Is there any evidence that the US strategy at Midway was deliberate?

score:5

Accepted answer

Yes, By Default

So, first off, I would recommend Shattered Sword: The untold Story of the Battle of Midway by John Lundstrom. While it focuses on the misconceptions about the Japanese actions at Midway (perpetuated by English-language single-source reporting of IJN actions long since discounted by Japanese source) it does an excellent job comparing and contrasting the two sides doctrine and training. Those differences are what led to the American's sending in numerous small waves and the final results.

It boils down to two things:

  1. The Americans, being inexperienced in live-fire carrier operations, simply did not have the skill to create the massed waves of attack craft the IJN made look routine. However, the American emphasis on individual and small-unit command initiative still led to eventual success.

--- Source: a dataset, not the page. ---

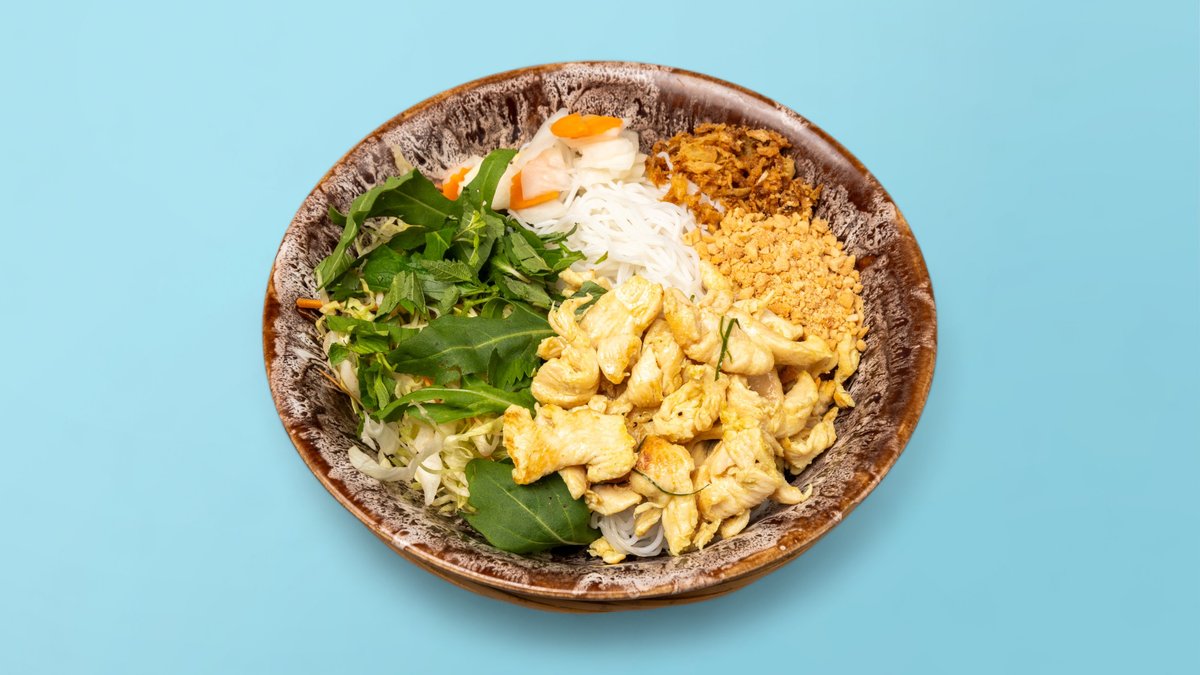 lauwarmes leichtes Reisnudelgericht mit frischem Salat, Koriander, Minze, gehackten Erdnüssen, gerösteten Zwiebeln, hausgemachtem Limetten-Dressing und einer Zutat deiner Wahl

  2. American SIGINT was phenomenal, and that wasn't luck. This combined with squadron leader individual initiative (and the lack thereof in the IJN as a whole) enabled the Americans to win.

I should point out that it wasn't a "lucky" last strike either. The long-reported (in English) story that the Japanese carriers were caught "with bombs on the flight deck" is simply wrong. (Again Shattered Sword gets into all this.) Instead, what happened is the poor command choices and undisciplined actions of the IJN Combat Air Patrol meant that the successive squadron-level strikes brought down the IJN air cover, which instead of climbing back to the correct altitude and position stayed low and away, (or better yet not ALL chase after a relative handful of American aircraft) enabling the later dive bombers to come in unmolested by Zeroes.

Could the Americans have lofted mass waves of squadrons and gotten home that way? Well theoretically yes. But practically speaking the Americans just didn't have the coordination or skill to mass multi-squadron, multi-carrier formations of aircraft.

Upvote:1

First, a little disclaimer: you're merging here strategy and tactic: the first one is the way they decided to nearly ambush the Japanese with their fleet (and this is rather considered as grand tactic), the second one is the way each of them organized their attacks.

Based on my numerous readings, from wikipedia to Naval Institute and many books, I would say the following:

  • The deliberate strategy of the Americans was to allow the Japanese attack to Midway and after this effort, to surprise them with their own attack
  • Midway's battle is full of blunders and considerations about the war fog
  • The deliberate tactics of the Americans, forced by their slowness to make their planes take off from carriers, was to attack in different waves that might divert from each other Japanese defences
  • The deliberate tactics of the Midway's air force commander was to harass the Japanese fleet while his own island would be under attack

I recommend the reading of The Samurai's attack, a book that goes on about the battle of Midway and how it integrates in the general list of events of 1942.